Images are not wanted; transcribe the rest of the listing exactly.

--- DATASET EXCERPT ---

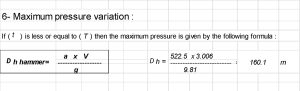 ونستنتج منها أقصى ضغطٍ تتحمله الماسورة، ونطلق عليه delta h hammer ضغط الطرق المائي.
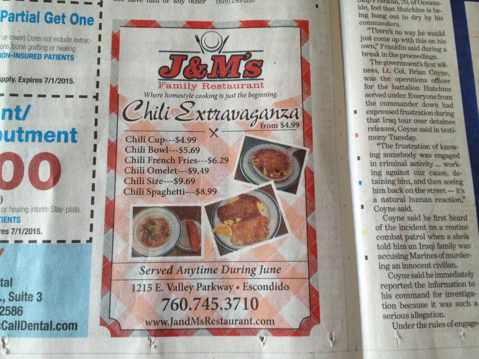 The week after we had been here, this small ad appeared in the Union-Tribune. It looks like a June-only promotion. When looking at the regular menu, chili is not listed anywhere.
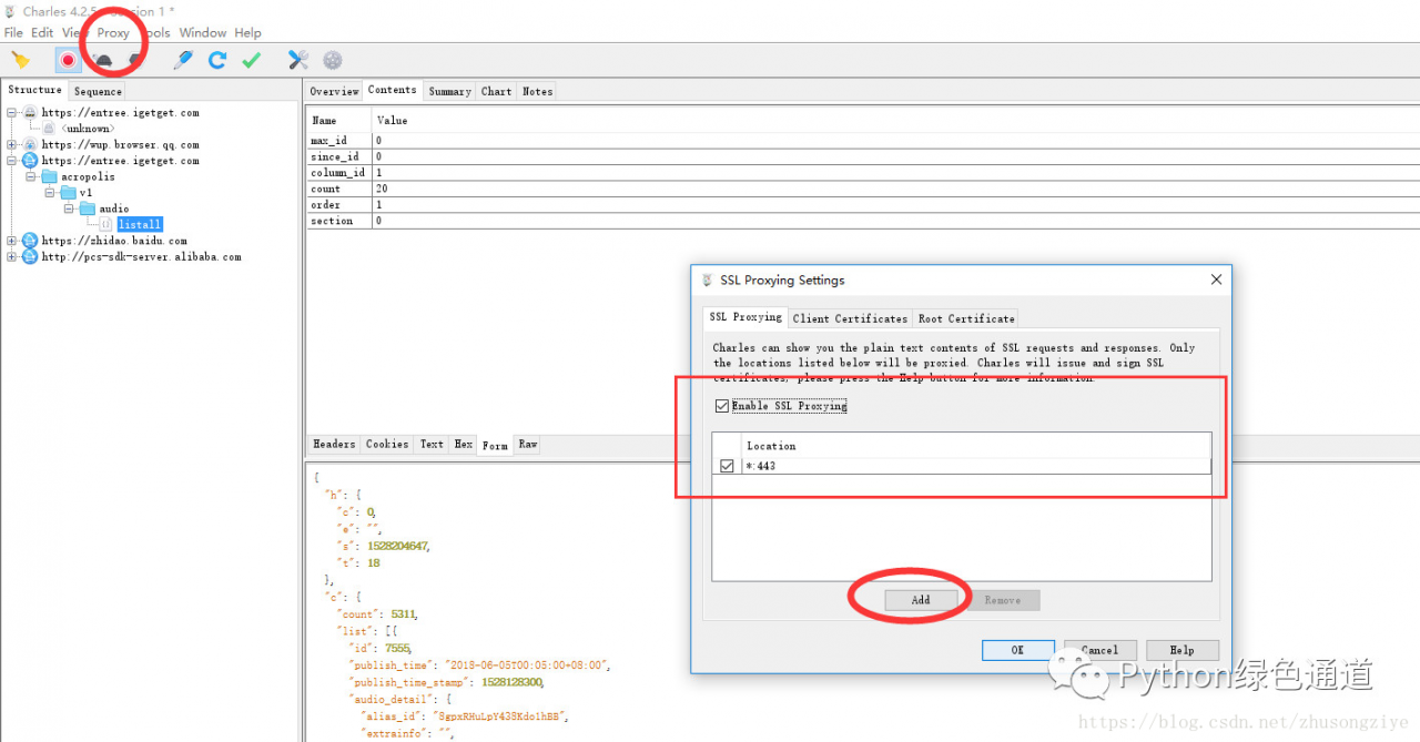 如果获取到的数据是乱码,你要设置一下连接SSL证书 在Charles中 菜单栏==>proxy==>SSL Proxying Settings ==>添加443,如上图所示. 然后当你在真正抓取数据的时候,记得把这个关掉,以免取不到数据

---

[ANSWER SPACE]:
 ونستنتج منها أقصى ضغطٍ تتحمله الماسورة، ونطلق عليه delta h hammer ضغط الطرق المائي.
 The week after we had been here, this small ad appeared in the Union-Tribune. It looks like a June-only promotion. When looking at the regular menu, chili is not listed anywhere.
 如果获取到的数据是乱码,你要设置一下连接SSL证书 在Charles中 菜单栏==>proxy==>SSL Proxying Settings ==>添加443,如上图所示. 然后当你在真正抓取数据的时候,记得把这个关掉,以免取不到数据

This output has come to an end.